In secondary schools, the classrooms are no larger, possibly smaller, the students and furniture are bigger. Reconfiguring classrooms for group work can be very challenging, especially when it must be reconfigured to the original format at the end of the period. For practical reasons some schools have decided to move to open space learning where a whole year group might be accommodated in the one space. The space allows students to be arranged into various sized groups depending on the task. A teacher is designated to provide any presentation input that is needed and to explain the task. Other teachers, who are already briefed on the task, are there to assist the groups. Sounds good, but there are issues.

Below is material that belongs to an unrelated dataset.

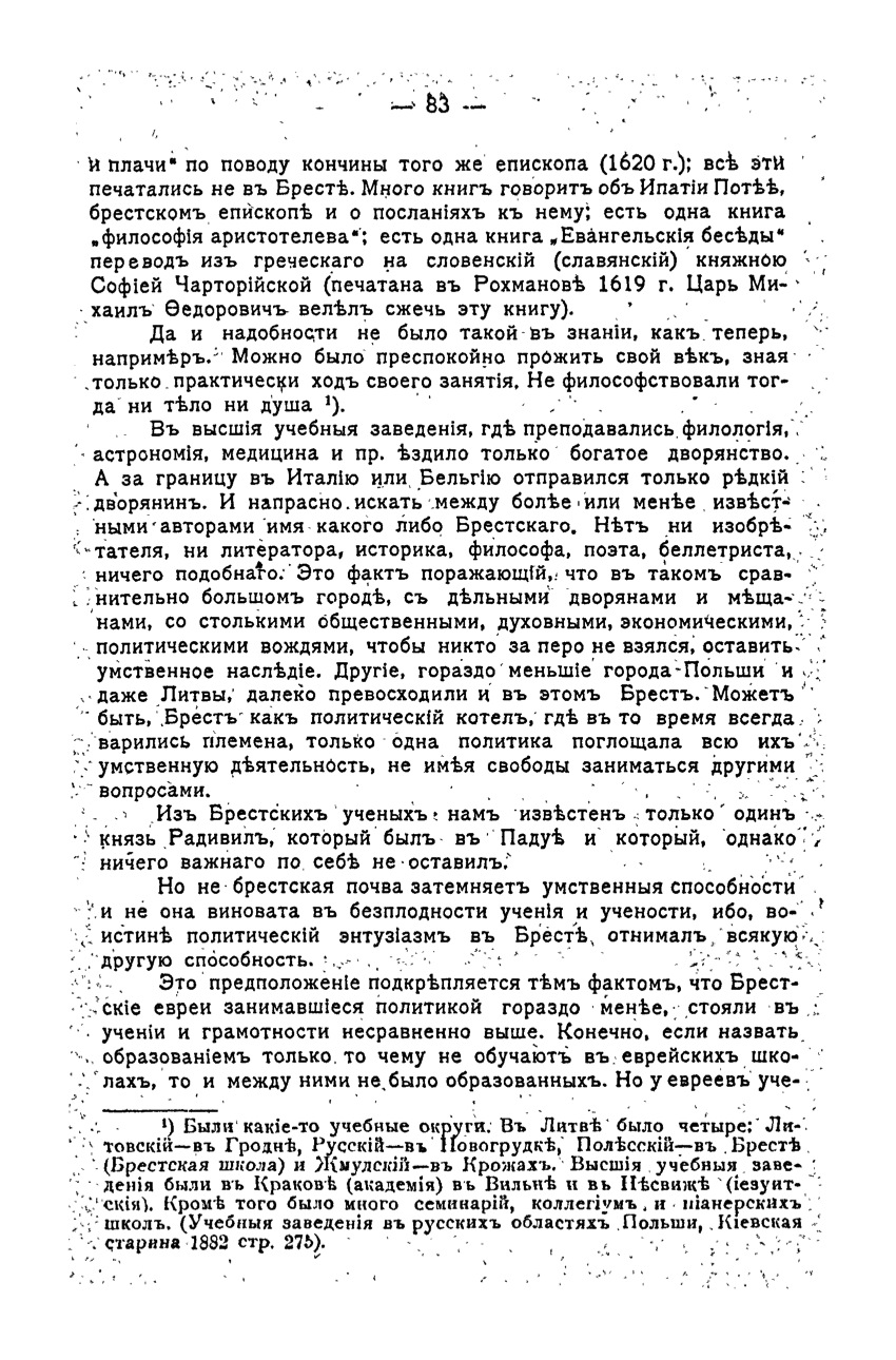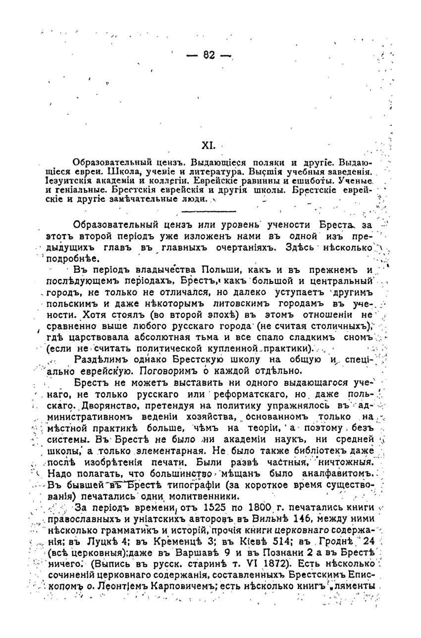 {82} [Chapter Keywords:] Educational qualification. Prominent Poles and others. Prominent Jews. School, teaching and literature. Higher education institutions. Jesuit academy and college. Jewish Ravin and eshiboty. Scientists and brilliant. Brest Jewish and other schools. Brest Jewish and other wonderful people.

The task needs to be involving for the students, challenging, but not too difficult for some students who may be struggling with school. This can be “mission impossible”, but mitigated by how groups are formed. Until recent years, many secondary teachers have believed that you put students into groups, one student does the work and the others copy. This view challenges the nature of the group. It must be configured not simply to accommodate a range of student abilities, but so that each person in the group has a specific sub task that contributes to the group task. Without this additional layer, group work may well reflect the earlier description. Even if it is a simple discussion, there needs to be a leader, a recorder, a reporter and a person to keep the group on task as per an agreed methodology. Teaching students how to work in groups is a priority.
Although difficult in open learning spaces, but easier in flexible learning spaces, individual differences may need to be accounted for by drawing off some groups of students for revision, remedial work, homework correction or some explicit teaching of a concept they have missed possibly through being absent.
Further issues for this innovation are:
- The tracking of individual student progress. Who are students accountable to and does each involved teacher have responsibility for particular students?
- How do you deal with disruptive students and those who don’t want to work? Can they hide in a group structure?
- Who assesses students’ work and provides them with meaningful feedback to help them improve?
- Who is responsible for tracking the various curricula and programming to ensure coverage?
Open and flexible learning spaces are a great innovation to help students achieve the broader learning outcomes including, cooperation, collaboration, critical thinking and problem solving, but they require a huge commitment to organisation and administration especially in task construction and monitoring the learning of all students.
I am sure most schools practicing this innovation will say that it is worth it, but for others it remains a challenge.
Schools and teachers will take what they want from this approach and integrate it into their learning and teaching and innovation will continue to be a hybrid model.